1085. Perfect Sequence (25)

Given a sequence of positive integers and another positive integer p. The sequence is said to be a "perfect sequence" if M <= m * p where M and m are the maximum and minimum numbers in the sequence, respectively.

Now given a sequence and a parameter p, you are supposed to find from the sequence as many numbers as possible to form a perfect subsequence.

Input Specification:

Each input file contains one test case. For each case, the first line contains two positive integers N and p, where N (<= 10⁵) is the number of integers in the sequence, and p (<= 10⁹) is the parameter.

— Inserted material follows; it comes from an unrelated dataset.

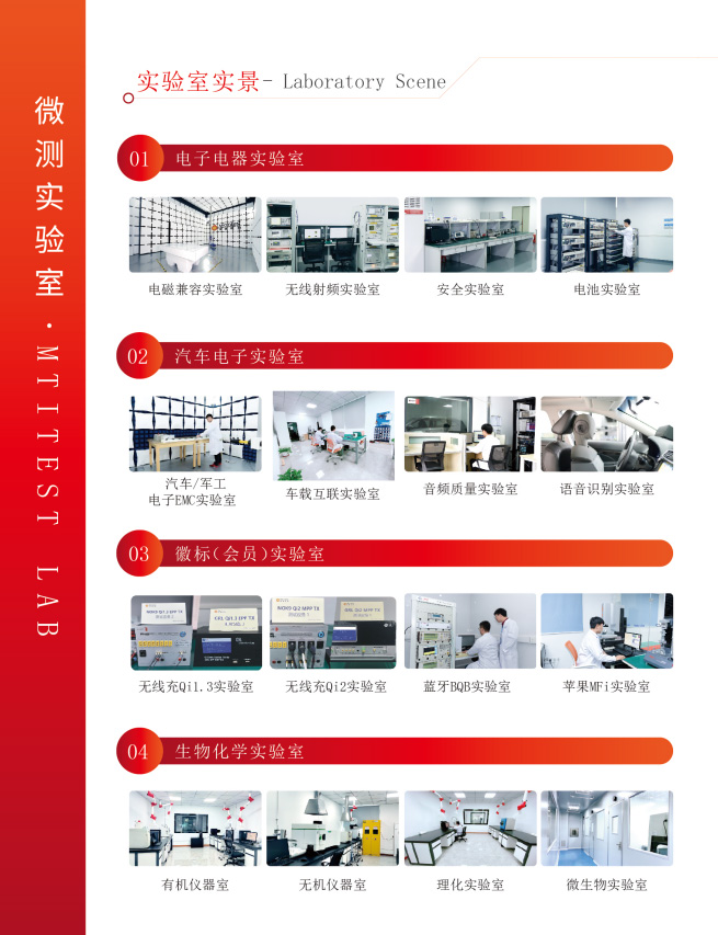 公司擁有20余個(gè)專業(yè)實(shí)驗(yàn)室,128人的工程師團(tuán)隊(duì),10000㎡檢測(cè)科技園,獲得了CNAS、CMA、A2LA、CBTL、WPC、Bluetooth SIG等授權(quán)和認(rèn)可。公司可為企業(yè)提供全球上百個(gè)國(guó)家的測(cè)試,包括華為HiCar、無線充Qi、藍(lán)牙BQB、蘋果MFi等眾多服務(wù)。無論企業(yè)身處何地,無論產(chǎn)品類型如何,微測(cè)檢測(cè)都能提供一站式解決方案,幫助企業(yè)順利進(jìn)入全球市場(chǎng)。

In the second line there are N positive integers, each is no greater than 10⁹.

Output Specification:

For each test case, print in one line the maximum number of integers that can be chosen to form a perfect subsequence.

Sample Input:

10 8
2 3 20 4 5 1 6 7 8 9

Sample Output:

8

#include<iostream>
#include<vector>
#include<cstdio>
#include<algorithm>
using namespace std;
int main(){
	int n,p;
	scanf("%d%d",&n,&p);
	vector<long>vt;
	int i,j,val;
	for(i=0;i<n;i++){
		scanf("%ld",&val);
		vt.push_back(val);
	}
	sort(vt.begin(),vt.end());
	int left=1,right=0;
	int length=0;
	int len=0;
	for(i=0;i<n;i++){
		long tmp = p*vt[i];
		if(tmp>=vt[n-1]){
			if(len < n-i){
				len=n-i;
			}
			break;
		}
		int right=n-1;
		while(right>left){
			int mid=(right+left)/2;
			if(vt[mid]>tmp){
				right=mid;
			}else if(vt[mid]<tmp){
				left=mid+1;
			}else {
				left=mid+1;
				break;
			}
		}
		if(left-i>len){
			len=left-i;
		}
	}
	printf("%d\n",len);
	return 0;
}